## PROBLEM DESCRIPTION
A word-for-word copy of the data, pictures excluded, is what this task asks for.

## DATASET EXCERPT
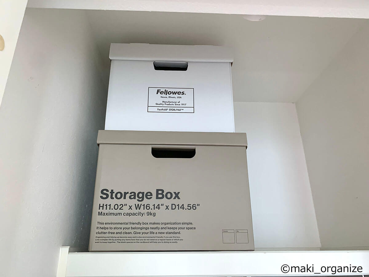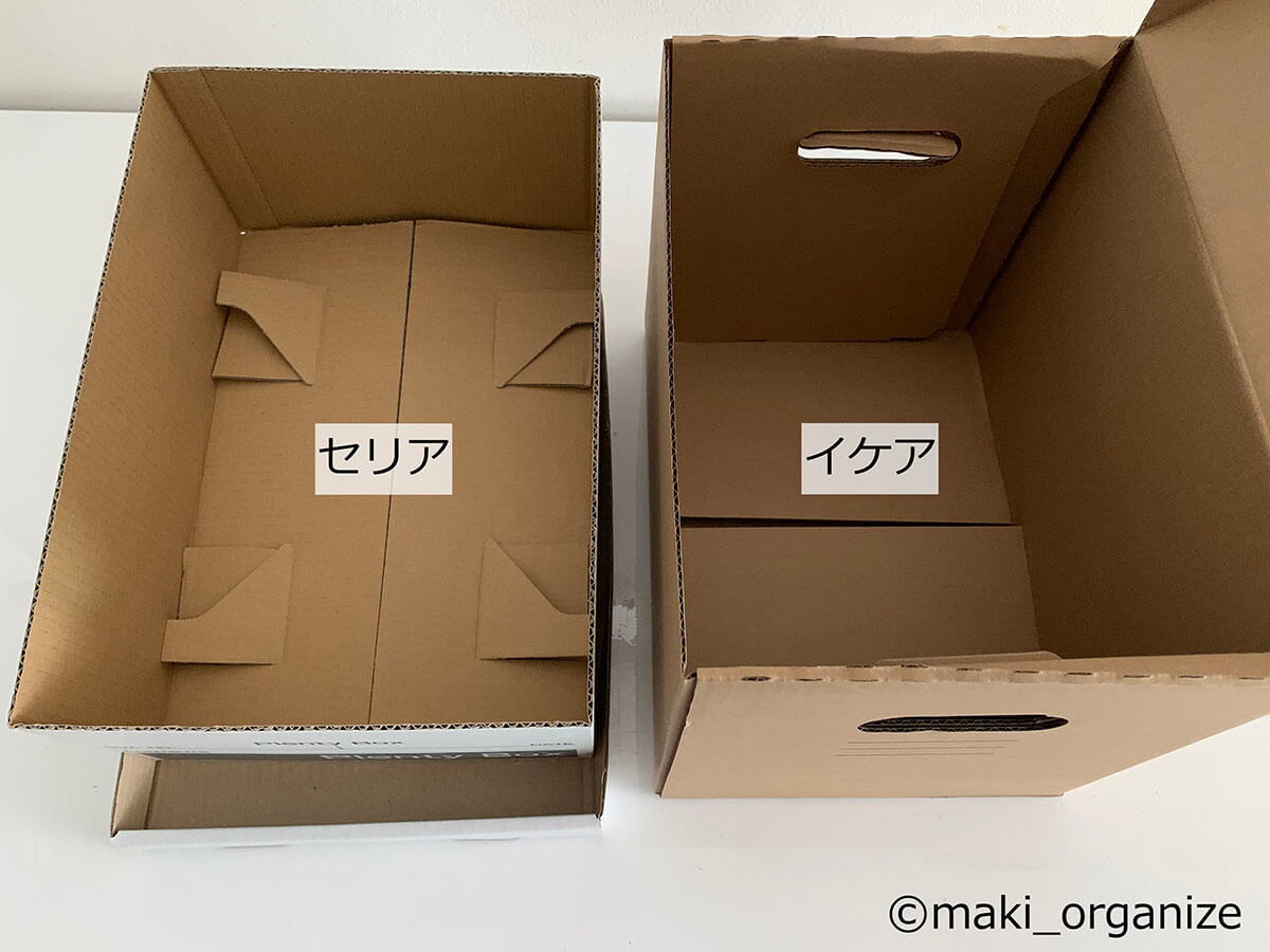 サイゾーウーマン暮らし住まいプロが4種の「段ボール収納BOX」比較 暮らし [連載]女たちの「煩悩部屋」ビフォーアフター 【イケア】199円「蓋付き段ボール」はアレにぴったり! プロが4種の収納BOXを徹底比較 2024/05/29 17:00 伊藤まき(収納ライター) 「汚部屋」ビフォーアフター 整理収納アドバイザー1級で収納ライターの伊藤まきさんが、家の中の “片付け”に関する悩みを“安く・簡単”に解決するコツを紹介します! 目次 ・【テーマ】「蓋付き段ボールBOX」で長期保管 ・【イケア】パピス ふた付きボックスのメリット・デメリット ・【フェローズ】バンカーズボックスのメリット・デメリット ・【スタンダードプロダクツ】ストレージボックスのメリット・デメリット ・【セリア】プレンティボックスのメリット・デメリット ・【まとめ】目的に合わせて使い分けを! 【テーマ】「蓋付き段ボールBOX」で長期保管 保管品の重さ・期間・頻度・コスパ・収納する場所などにあわせて選ぶと◎(C)maki_organize 今回のテーマは思い出の品やアルバムなど「長く保管したいモノの収納」。引越し会社の段ボールをそのまま使っているお宅も多いですが、蓋をガムテープで閉じる必要があり、開閉には向いていません。 そこでおすすめなのが、「蓋付き段ボールBOX」。開け閉めしやすいので中身の見直しや追加が簡単なだけでなく、スタッキングOKなので収納空間をうまく活用することができます。 次からは、イケア・フェローズ・スタンダードプロダクツ・セリアで買える4品のメリットとデメリット、使い方の実例をご紹介していきます。 【イケア】ほど良いサイズの「パピス ふた付きボックス」 定番商品なので同じ大きさで揃えやすい(商品番号)301.886.56(C)maki_organize イケアの「パピス ふた付きボックス」199円(税込)です。厚みがしっかりしていて頑丈なので、スタッキング収納に向いています。 【メリット】上げ下げが簡単なので「増える」モノの管理に◎ 卒業アルバムやレコードなど、A4サイズ以上のモノはNG(C)maki_organize A4書類がちょうど良く収まるサイズ感。大きすぎないので、クローゼット上段にも載せやすい点がメリットです。女性ひとりでも上げ下げが簡単なので、コレクターズアイテムやDVD、写真など「増える」モノの管理に向いています。 【デメリット】車なしでは持ち帰るのが難しい 組み立て前はこんな感じ(C)maki_organize 平たい段ボールのまま販売しているので、車なしでは持ち帰りにくい点がデメリット。車移動できなかったり、店舗が遠方という方にはおすすめが難しいと感じます。 【フェローズ】頑丈な「バンカーズボックス」 (C)maki_organize フェローズ「バンカーズボックス 703S」3,094円(税込)です。アメリカの銀行や公共施設で昔から使われてきたパイオニアブランドとして知られています。 【メリット1】頑丈なので「大切な思い出の品」の保管に最適 A3サイズの紙製品が入ります(C)maki_organize 耐荷重は約30kg、5個までスタッキング可能という頑丈さが強み。子どもや家族の思い出の品など、何十年にも渡って保管したいアイテムを収納するのに向いています。 【メリット2】組み立てしやすく買いやすい! (C)maki_organize わずか「数秒」で組み立てができるのも魅力。ネット通販で簡単に買えるので、買い揃えやすいという点も◎です。 【デメリット】出し入れが頻繁なモノの収納には不向き 筆者宅でも20年近く愛用。2017年のリニューアルでさらに頑丈に(C)maki_organize 写真のようにクローゼット上段の高さが60cmある場合は、空間を2分割して置くことが可能です。ただし、出し入れが頻繁なモノの収納には不向き。重たくなるので上げ下げが大変になります。どちらかというと、物置などでの「永久保管」に向いていると言えるでしょう。 【スタンダードプロダクツ】インテリア性が高い「ストレージボックス」 3色から選べる(商品番号)4550480185040(C)maki_organize スタンダードプロダクツ(ダイソー系列)の 「ストレージボックス」550円(税込)。写真のくすみ系ベージュのほか、白と青の3色から選べます。 【メリット】「くすみ系カラー」でおしゃれに収納できる フェローズと比較するとひとまわり大きめ(C)maki_organize 550円(税込)とリーズナブルな価格ながら、デザイン性が高い点がポイント。インテリアへのこだわりが強い方におすすめしたいアイテムです。 【デメリット】何かに当たると「凸凹」ができやすい 手荷物の持ち帰りにも対応している梱包(C)maki_organize 何かに当たると凸凹がつきやすいかなという印象。ちょっとした衝撃で凹みが付いたので、「軽めのモノの収納」に向いています。手荷物で持ち帰れるように梱包されていますが、障害物にぶつからないよう注意が必要です。なお、筆者が聞いた時点では、配送での受け渡しは不可とのことでした。 (C)maki_organize フェローズと厚みを比較してみました。似ているようですが、段ボールの構造自体が違うため、比べてみると造りは弱め。 【セリア】110円! 圧倒的
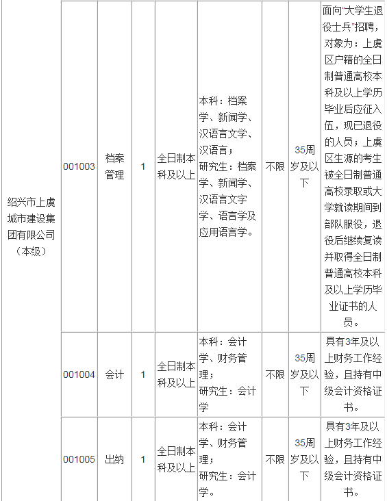 3.报考须知:报名者每人限报一个岗位,请随带近期一寸免冠彩照1张、户口簿或户籍证明、身份证、毕业证书原件及复印件各一份,并提供《教育部学历证书电子注册备案表》、《教育部学籍在线验证报告》各一份,留学人员应提供教育部中国留学服务中心出具的境外学历、学位认证书;有工作经验规定的,需提供社保缴费证明(历年参保证明)及单位从业证明(或能体现岗位的劳动合同);有其他特殊规定的,需提供相关职称资格证书等,同时提交《绍兴市上虞城市建设集团有限公司公开招聘合同制职工报名表》、《承诺书》一份(见附件,由考生自行下载并填写)。
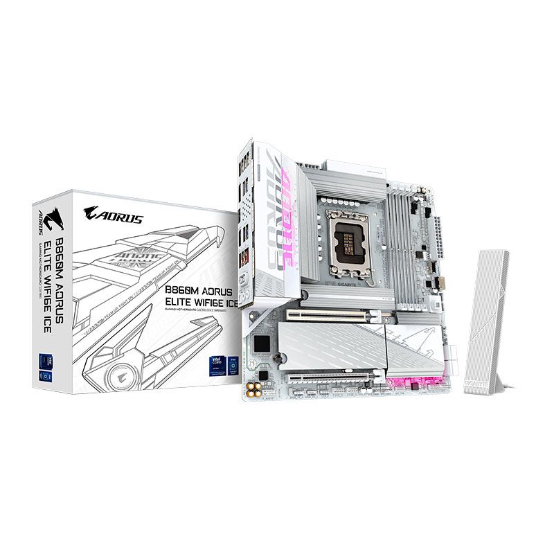 A Placa-Mãe Gigabyte B860M Aorus Elite WIFI6E Ice é uma excelente escolha para quem deseja montar um setup compacto e moderno com visual branco sofisticado. Compatível com processadores Intel LGA1851 e memórias DDR5, ela une estilo e performance.

## EXERCISE SOLUTION
 サイゾーウーマン暮らし住まいプロが4種の「段ボール収納BOX」比較 暮らし [連載]女たちの「煩悩部屋」ビフォーアフター 【イケア】199円「蓋付き段ボール」はアレにぴったり! プロが4種の収納BOXを徹底比較 2024/05/29 17:00 伊藤まき(収納ライター) 「汚部屋」ビフォーアフター 整理収納アドバイザー1級で収納ライターの伊藤まきさんが、家の中の “片付け”に関する悩みを“安く・簡単”に解決するコツを紹介します! 目次 ・【テーマ】「蓋付き段ボールBOX」で長期保管 ・【イケア】パピス ふた付きボックスのメリット・デメリット ・【フェローズ】バンカーズボックスのメリット・デメリット ・【スタンダードプロダクツ】ストレージボックスのメリット・デメリット ・【セリア】プレンティボックスのメリット・デメリット ・【まとめ】目的に合わせて使い分けを! 【テーマ】「蓋付き段ボールBOX」で長期保管 保管品の重さ・期間・頻度・コスパ・収納する場所などにあわせて選ぶと◎(C)maki_organize 今回のテーマは思い出の品やアルバムなど「長く保管したいモノの収納」。引越し会社の段ボールをそのまま使っているお宅も多いですが、蓋をガムテープで閉じる必要があり、開閉には向いていません。 そこでおすすめなのが、「蓋付き段ボールBOX」。開け閉めしやすいので中身の見直しや追加が簡単なだけでなく、スタッキングOKなので収納空間をうまく活用することができます。 次からは、イケア・フェローズ・スタンダードプロダクツ・セリアで買える4品のメリットとデメリット、使い方の実例をご紹介していきます。 【イケア】ほど良いサイズの「パピス ふた付きボックス」 定番商品なので同じ大きさで揃えやすい(商品番号)301.886.56(C)maki_organize イケアの「パピス ふた付きボックス」199円(税込)です。厚みがしっかりしていて頑丈なので、スタッキング収納に向いています。 【メリット】上げ下げが簡単なので「増える」モノの管理に◎ 卒業アルバムやレコードなど、A4サイズ以上のモノはNG(C)maki_organize A4書類がちょうど良く収まるサイズ感。大きすぎないので、クローゼット上段にも載せやすい点がメリットです。女性ひとりでも上げ下げが簡単なので、コレクターズアイテムやDVD、写真など「増える」モノの管理に向いています。 【デメリット】車なしでは持ち帰るのが難しい 組み立て前はこんな感じ(C)maki_organize 平たい段ボールのまま販売しているので、車なしでは持ち帰りにくい点がデメリット。車移動できなかったり、店舗が遠方という方にはおすすめが難しいと感じます。 【フェローズ】頑丈な「バンカーズボックス」 (C)maki_organize フェローズ「バンカーズボックス 703S」3,094円(税込)です。アメリカの銀行や公共施設で昔から使われてきたパイオニアブランドとして知られています。 【メリット1】頑丈なので「大切な思い出の品」の保管に最適 A3サイズの紙製品が入ります(C)maki_organize 耐荷重は約30kg、5個までスタッキング可能という頑丈さが強み。子どもや家族の思い出の品など、何十年にも渡って保管したいアイテムを収納するのに向いています。 【メリット2】組み立てしやすく買いやすい! (C)maki_organize わずか「数秒」で組み立てができるのも魅力。ネット通販で簡単に買えるので、買い揃えやすいという点も◎です。 【デメリット】出し入れが頻繁なモノの収納には不向き 筆者宅でも20年近く愛用。2017年のリニューアルでさらに頑丈に(C)maki_organize 写真のようにクローゼット上段の高さが60cmある場合は、空間を2分割して置くことが可能です。ただし、出し入れが頻繁なモノの収納には不向き。重たくなるので上げ下げが大変になります。どちらかというと、物置などでの「永久保管」に向いていると言えるでしょう。 【スタンダードプロダクツ】インテリア性が高い「ストレージボックス」 3色から選べる(商品番号)4550480185040(C)maki_organize スタンダードプロダクツ(ダイソー系列)の 「ストレージボックス」550円(税込)。写真のくすみ系ベージュのほか、白と青の3色から選べます。 【メリット】「くすみ系カラー」でおしゃれに収納できる フェローズと比較するとひとまわり大きめ(C)maki_organize 550円(税込)とリーズナブルな価格ながら、デザイン性が高い点がポイント。インテリアへのこだわりが強い方におすすめしたいアイテムです。 【デメリット】何かに当たると「凸凹」ができやすい 手荷物の持ち帰りにも対応している梱包(C)maki_organize 何かに当たると凸凹がつきやすいかなという印象。ちょっとした衝撃で凹みが付いたので、「軽めのモノの収納」に向いています。手荷物で持ち帰れるように梱包されていますが、障害物にぶつからないよう注意が必要です。なお、筆者が聞いた時点では、配送での受け渡しは不可とのことでした。 (C)maki_organize フェローズと厚みを比較してみました。似ているようですが、段ボールの構造自体が違うため、比べてみると造りは弱め。 【セリア】110円! 圧倒的
 3.报考须知:报名者每人限报一个岗位,请随带近期一寸免冠彩照1张、户口簿或户籍证明、身份证、毕业证书原件及复印件各一份,并提供《教育部学历证书电子注册备案表》、《教育部学籍在线验证报告》各一份,留学人员应提供教育部中国留学服务中心出具的境外学历、学位认证书;有工作经验规定的,需提供社保缴费证明(历年参保证明)及单位从业证明(或能体现岗位的劳动合同);有其他特殊规定的,需提供相关职称资格证书等,同时提交《绍兴市上虞城市建设集团有限公司公开招聘合同制职工报名表》、《承诺书》一份(见附件,由考生自行下载并填写)。
 A Placa-Mãe Gigabyte B860M Aorus Elite WIFI6E Ice é uma excelente escolha para quem deseja montar um setup compacto e moderno com visual branco sofisticado. Compatível com processadores Intel LGA1851 e memórias DDR5, ela une estilo e performance.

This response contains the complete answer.